Possibly the most frustrating thing you can say is anything along the lines of "I want to take things slow at first" mixed with anything remotely close to "I want someone to keep up with me". The first says you don't want to do anything beyond the Friendzone, and the second screams "just kiss me already!" As I mentioned above, guys have two gears- forward and reverse. We can't do both simultaneously, which is what those statements are asking us to do. It's another mixed signal with a big fat "you must be a mind-reader" stuck to it: those are the two things males are the absolute worst at doing.
Speaking of redundancies- the ever-popular "if you want to know more, just message me!" line. If a guy is interested, he'll message you. If he isn't, he won't. Not only is it useless filler, but it might actually make a guy who was mildly interested notmessage you- men don't like being nagged. At all. And saying "if you want to talk to me (message me) then talk to me!" feels a bit like nagging. Seriously, just omit that one line.
Also, try to insert a few line breaks- i.e., hit Enter twice every now and then after a sentence. Staring at a long block on unbroken text makes the eyeballs hurt. If a guy is interested in you enough to read your profile, making it a huge pain in the a** to do so isn't a good idea.

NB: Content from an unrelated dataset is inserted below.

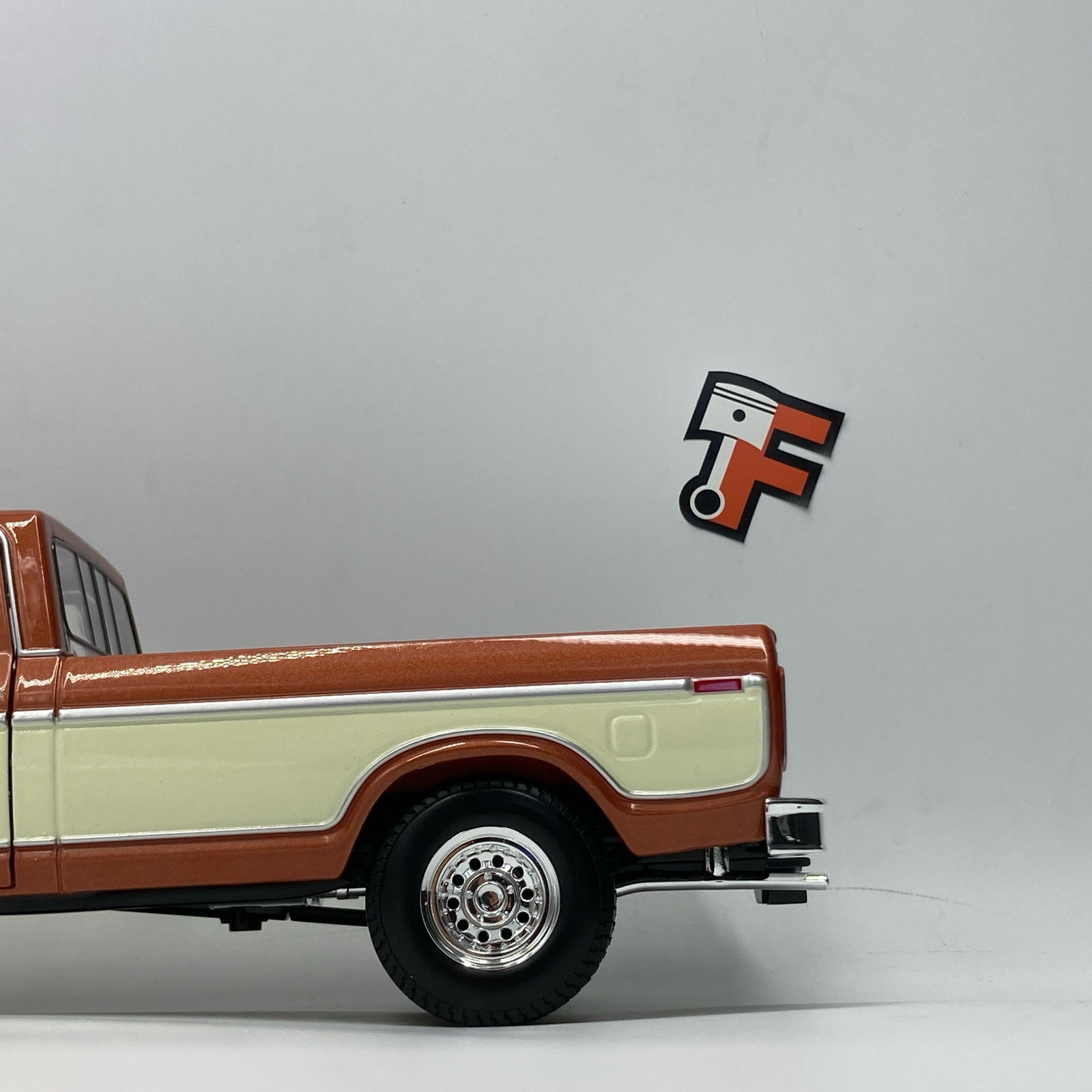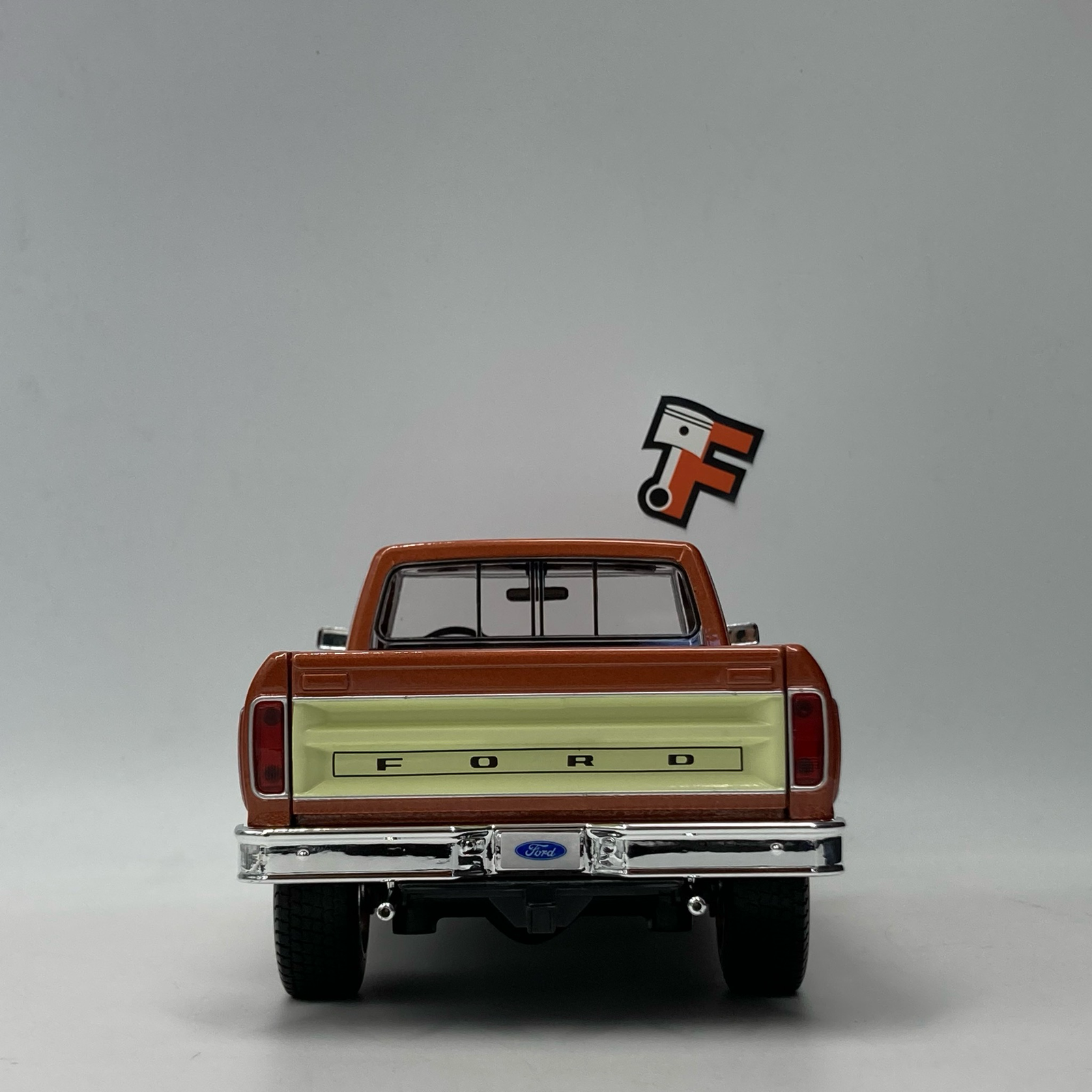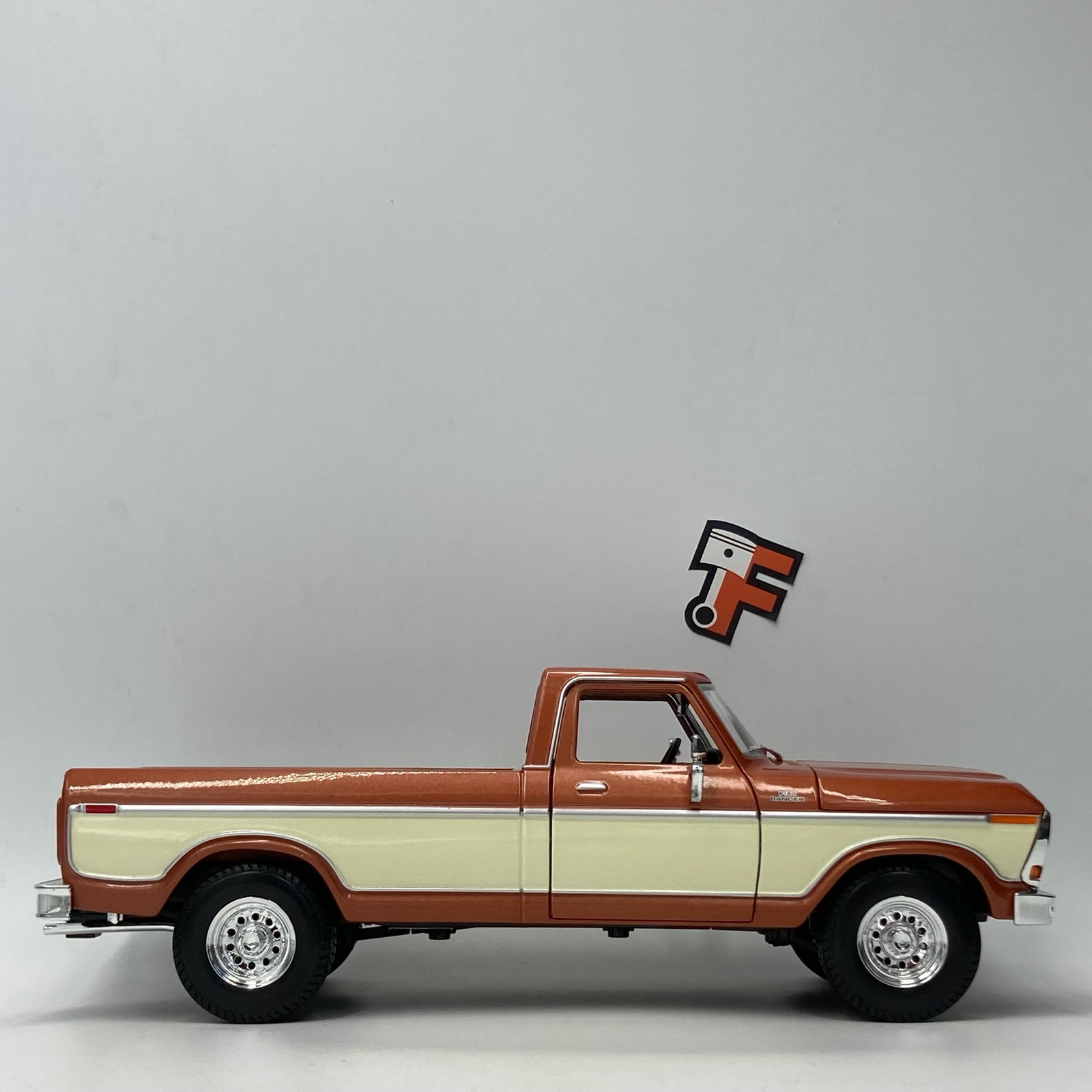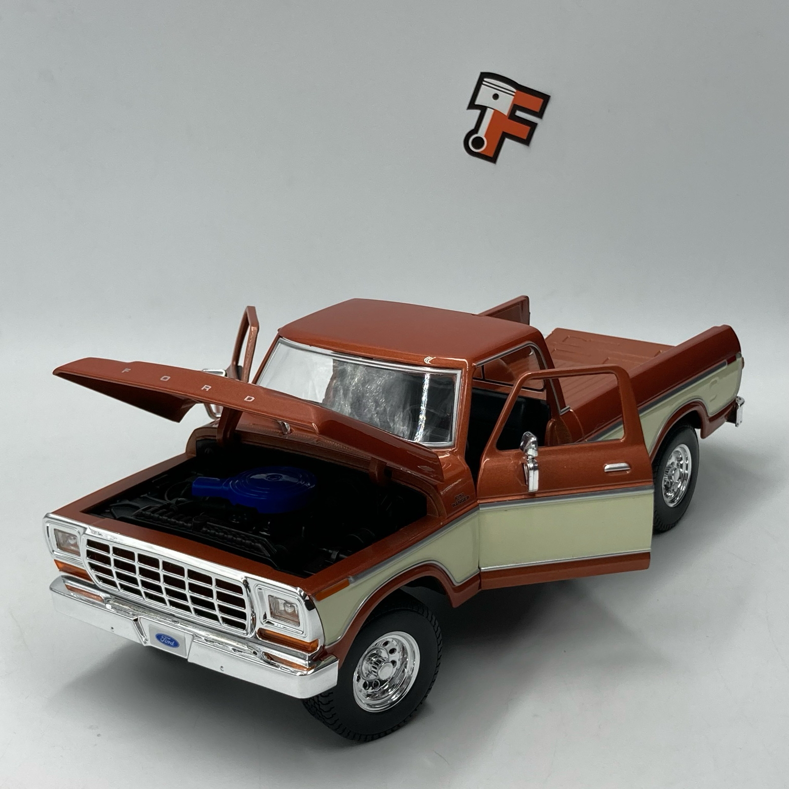 Le modèle de 1979 est particulièrement apprécié pour son design typique de l’époque : calandre imposante, lignes carrées, large capot et allure robuste qui symbolisent parfaitement l’esprit des pick-up américains classiques. La combinaison de couleurs Copper / Cream renforce encore son caractère vintage et lui donne une présence remarquable.

Finally, the very last bit of advice- make the first move now and then. Studies show that some men (meaning, every single one of them) don't really know if a woman likes them until she says so. So, say so. It's ok, it doesn't mean you're a cougar, it doesn't mean you're too forward, and it doesn't mean you're desperate. It means that, in the E-Starbucks line that a dating website mimics, you smiled at him while he was waiting for his latte.